Sound like a lot? It was the tip of the iceberg. I went to the FDA’s “MAUDE” database and searched for “Event Type: Injury” caused by “Mesh, Surgical, Synthetic, Urogynecologic, For Stress Urinary Incontinence, Retropubic Or Transobturator” and “Mesh, Surgical, Synthetic, Urogynecologic, For Stress Urinary Incontinence, Female, Mini-Sling” and found 391 injuries reported in the last month. I can’t search for longer timeframes than that because the FDA’s website tells me it can’t handle more than 500 results at a time.

 

Worse, the FDA admits in the Federal Register that this partial victory came as a result of “a meeting on September 8 and 9, 2011 (76 FR 41507, July 14, 2011) of the Obstetrics and Gynecology Devices Panel of the Medical Devices Advisory Committee.” (You can read the documents from that meeting here.) In other words, it took the FDA 4 years, 3 months, and 26 days from that “meeting,” in which a broad array of experts discussed how awfully dangerous and appallingly untested transvaginal meshes were, to decide that manufacturers should be required to produce real scientific evidence about the safety and effectiveness of one particular type of transvaginal mesh when it is used in one particular way.

 

For comparison, it took 3 years, 8 months, and 26 days from the bombing of Pearl Harbor to the end of World War II.

 

That’s not the only area in which the FDA drags its feet when it comes to medical device manufacturers.
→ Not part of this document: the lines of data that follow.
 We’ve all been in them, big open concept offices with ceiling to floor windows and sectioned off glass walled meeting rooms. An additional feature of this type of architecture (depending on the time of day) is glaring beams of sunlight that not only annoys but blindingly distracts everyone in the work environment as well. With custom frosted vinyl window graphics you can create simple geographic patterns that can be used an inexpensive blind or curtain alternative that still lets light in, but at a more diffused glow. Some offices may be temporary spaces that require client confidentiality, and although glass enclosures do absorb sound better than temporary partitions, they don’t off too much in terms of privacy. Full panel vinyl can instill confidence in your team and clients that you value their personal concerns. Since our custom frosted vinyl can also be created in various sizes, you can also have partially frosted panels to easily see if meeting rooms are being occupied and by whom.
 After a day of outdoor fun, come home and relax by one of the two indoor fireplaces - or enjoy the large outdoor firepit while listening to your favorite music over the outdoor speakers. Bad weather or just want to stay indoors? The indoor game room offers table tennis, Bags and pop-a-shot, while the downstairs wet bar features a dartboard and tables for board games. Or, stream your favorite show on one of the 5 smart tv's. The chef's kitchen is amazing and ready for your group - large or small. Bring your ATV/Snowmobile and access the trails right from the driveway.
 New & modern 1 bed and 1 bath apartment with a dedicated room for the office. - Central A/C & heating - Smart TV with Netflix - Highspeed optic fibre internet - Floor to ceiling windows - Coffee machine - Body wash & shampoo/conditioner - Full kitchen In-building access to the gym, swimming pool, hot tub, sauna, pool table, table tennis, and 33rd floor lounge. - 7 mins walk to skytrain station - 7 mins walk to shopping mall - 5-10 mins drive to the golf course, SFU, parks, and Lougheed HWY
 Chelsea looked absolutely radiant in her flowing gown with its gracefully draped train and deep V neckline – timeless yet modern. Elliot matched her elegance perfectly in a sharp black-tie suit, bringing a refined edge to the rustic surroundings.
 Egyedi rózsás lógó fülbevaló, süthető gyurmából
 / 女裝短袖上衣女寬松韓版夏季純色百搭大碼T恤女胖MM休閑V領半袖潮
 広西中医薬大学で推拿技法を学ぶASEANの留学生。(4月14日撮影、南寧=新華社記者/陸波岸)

The FDA does little about manufacturers failing a whopping 87% of the time to perform studies on medical devices already on the market. Forbes magazine, hardly a foe of big business, called this a “bait-and-switch with the FDA.” But when there’s money to be made, the FDA is remarkably efficient: as reported in the New England Journal of Medicine, the FDA “evaluat[es] nearly all new drug applications within 6 to 10 months,” approving virtually all of them. (Read more about this problem, and how Congress is trying to make it worse, in this post of mine.)

 

As my colleague Joe Kramer said, “Once again, device manufacturers are showing that unless compelled to action by the FDA, they will not respond to the plight of their consumers.” Indeed. It seems the device manufacturers don’t care much for juries or courts either, as reflected by an article in last week’s Legal Intelligencer, where the title says it all: “Pelvic Mesh Win Doesn’t Indicate Swift Global Accord.”

 

It’s foolish to ask, “how many hurt women is enough?” or “how many jury verdicts are enough?” This will keep going on until the companies think it is costing them more money than they are making, and perhaps even longer still.